Hacking into a fully patched MyCloud EX4

Hi all,

I’m using the latest firmware (2.11.169) on a WD EX4. I read about the hard coded password/backdoor in the past (WD My Cloud NAS devices have hard-wired backdoor • The Register 1) and wanted to confirm the problem is fixed.

I ran OpenVAS on my LAN and it was able to get root access on my NAS. The vulnerabilities here Western Digital MyCloud - Exploitee.rs have not been fixed.

The version of libupnp WD uses is 1.6.6 and contains multiple buffer overflow vulnerabilites (CVE-2012-5958, CVE-2012-5959, CVE-2012-5960, CVE-2012-5961, CVE-2012-5962, CVE-2012-5963, CVE-2012-5964, CVE-2012-5965) and needs to be updated to version 1.6.18.

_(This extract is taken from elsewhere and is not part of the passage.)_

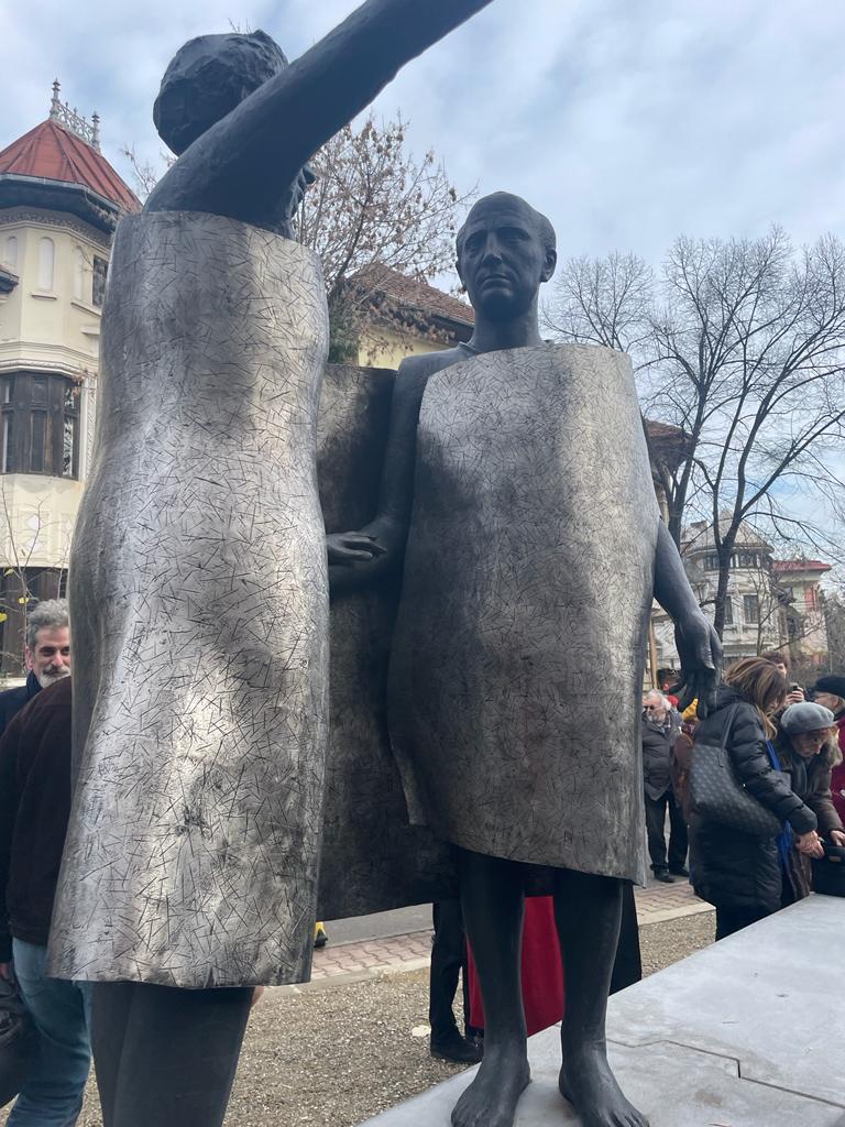 Statuia lui Virgil Ierunca. Scriitorul este perceput ca o zonă de sprijin, de calm și echilibru ce i-a fost mereu alături, în cuplu, Monicăi Lovinescu, a mai spus criticul de artă.

Additionally, the Twonky server web console has no protection on MyCloud. You can see this by visiting http://your_nas_ip:9000/.

I know this is cheap quality consumer grade hardware but these vulnerabilities are unacceptable and undermines any of the security features advertised.

Is there an ETA for each of these items to be fixed? OpenVAS came back with other vulnerabilities but the ones listed above will lead to remote compromise and that’s what I can’t accept.

In the meantime, while we’re vulnerable I’d like to setup additional logging and monitoring. Does MyCloud support logging web access and general syslog to a remote syslog server? Thanks.

2 Likes

The libupnp thingy was reported few years ago for the WD MyCloud Mirror Gen1 here:

https://community.wd.com/t/security-vulnerability-cve-2016-6255-in-libupnp-allows-file-upload/176448

Even the recent firmware version 2.11.169 of the MyCloud Mirror is still vulnerable so i wouldn’t put much hope into getting a fix for this.

There is another recent flaw in Twonky where the My Cloud EX4 might be affected as well:

Based on that evidence I’m not going to hold my breath waiting for patched firmware.

For anyone reading this thread that may not fully understand what we’re talking about, allow me to rephrase the issue.

There are serious security problems on WD’s MyCloud product line. The nature of the problems show security was not given sufficient attention during the design of the software.

The data on your WD should not be considered private. Anyone on your home/office network will be able to access your data without using a password. Under no circumstance should these devices be exposed directly to the Internet or it will certainly be scanned and hacked by bots.

I regret spending a large amount of money on an EX4. Time to strip the drives and setup FreeNAS.

1 Like

I know this and I fully understanding you. WD is suсks :-1:
I won’t buy their products anymore.

I’m doing something similar but not solely from a security perspective, but also stability perspective. My EX4100 is very unreliable with a tendency to lock up frequently. I logged requests with WB to get certain kernel modules enabled by default in the firmware that would greatly assist in troubleshooting the cause of the lockups, but fell on deaf ears. In the process this weekend of moving my data to a QNAP, so hope this will be a better experience.